The results of the present study allow for several recommendations that can influence educational policy. First, it is recommended that schools involve parents, stakeholders, principals, and specialists (such as psychologists and social workers) in addressing bullying because of the intricacy of this problematic conduct. It is recommended that regulations be put in place to detect and treat toxic masculinity, which is a term that represents society’s acceptance that boys may and must be aggressive, domineering, and macho, in light of the findings of the current study on male dominance. Training programs that emphasize the use of empathy in conflict resolution and the maintenance and development of healthy social interactions in males are likely to have a favorable impact. Additionally, the development of clear guidelines on what constitutes bullying, harassment, and aggressive instances will help recognize such incidents, thus providing the first step of recognition and assessment. Enhancing accountabilities for all students so that incidents will be reported and receive proper consequences may also create a culture of zero tolerance toward bullying.

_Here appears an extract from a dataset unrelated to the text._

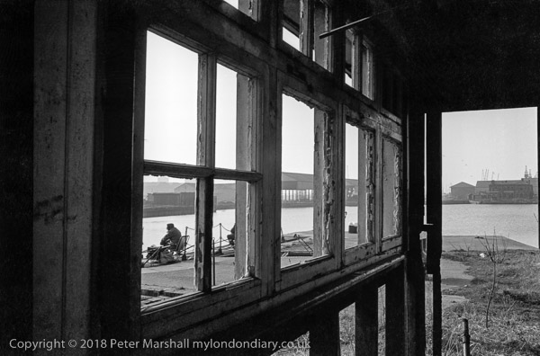 A view from inside one of the several derelict sheds in the area, this one had once had many windows to give a clear view of the dock entrance.

4.2. Limitations and Future Directions

There are several reasons why the present findings should be viewed with caution. First, the self-reported nature of the measurement suggests that processes such as response bias and social desirability may be operative [67], especially at that young age. Second, the sample size was relatively large so significant effects may not have been “substantial” but rather an artifact of excessive levels of power. For example, the difference in cyberbullying across gender was reflective of small effect sizes, pointing to that effect. Last, given the use of the TIMSS methodology and the specific instrument, it is possible that the content validity of the measure can be improved by incorporating additional behaviors related to cyber and online means of bullying. Such behaviors can now be assessed in younger ages as there has been an increase in bullying prevalence in younger ages.

4.3. Conclusions

It is concluded that the measurement of bullying in the TIMMS is better described using a multivariate framework that is richer, more explanatory, and offers the potential for targeted interventions. Furthermore, gender differences were noted favoring females who exhibited lower levels of bullying throughout the bullying domains.